Three other winners were supposed to participate, but two of them didn’t even show up.
“It was just something else, I got squashed,” she said. “I showed up and it was a guy and myself and of course he’s taller than me, he’s bigger than me.
He’s sumoed before and I got munched. It’s the middle of the summer in 90- to 100-degree heat, down at the CNE on the asphalt, the ring is in the middle and you get into this huge, plastic, sweaty suit. I mean it was gross.”
Canada has so many contests running at any given point that there are enough prizes to go around for people of all lifestyles, Wilman said.
“If you’re a student, you might be entering for the laptops and the big-screen TVs and the concert tickets. What you’re going to want to enter and focus on is going to change based on your current lifestyle.”
Even though Wilman has had lots of luck throughout her contesting hobby, she’s still not immune to losses.
“I enter a lot and I lose 99 per cent of what I enter,” she said. “You have to enter a lot, it’s a numbers game. The more you enter, the more opportunity you have to win. It’s not really rocket science.”
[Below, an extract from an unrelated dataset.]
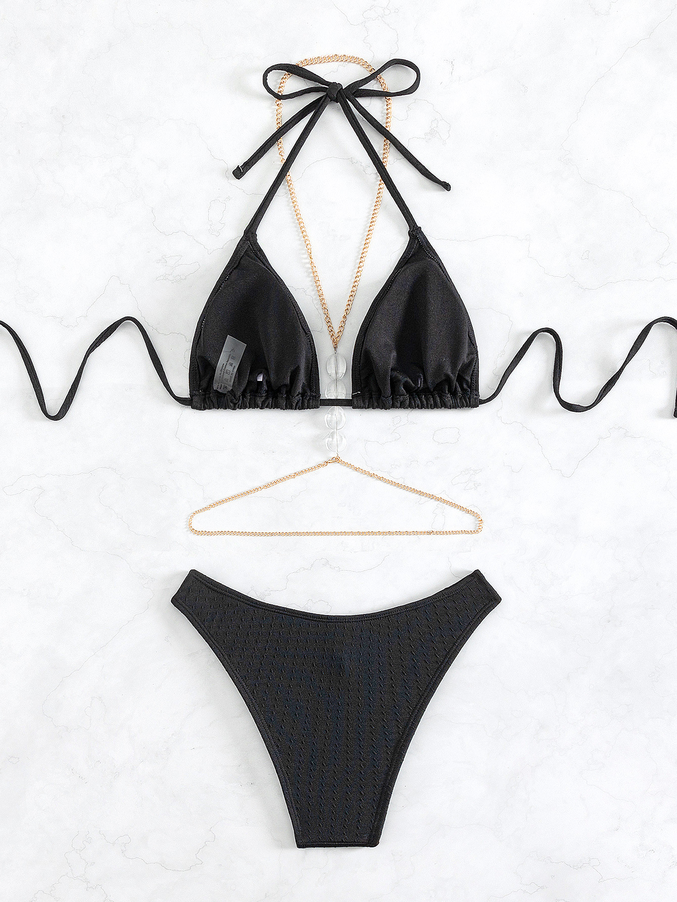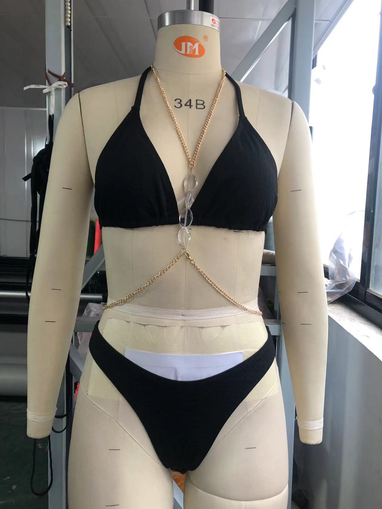 Split Swimsuit Women Halter Snake Chain Transparent Rhinestone Chest Necklace Beach Bikini

Wilman recommends that people who are interested in entering contests as a hobby should check out her website at www.contestqueen.com and click on “10 Easy Steps to Begin Winning.”
“You never know which one’s going to hit, it’s like Christmas. Every time the phone rings, I’m thinking somebody’s going to tell me that I won something.”
  photo
Geoffrey Gooden
DISPLAYING HER KEY TO SUCCESS: Carolyn Wilman holds a copy of her book, You Can’t Win If You Don’t Enter.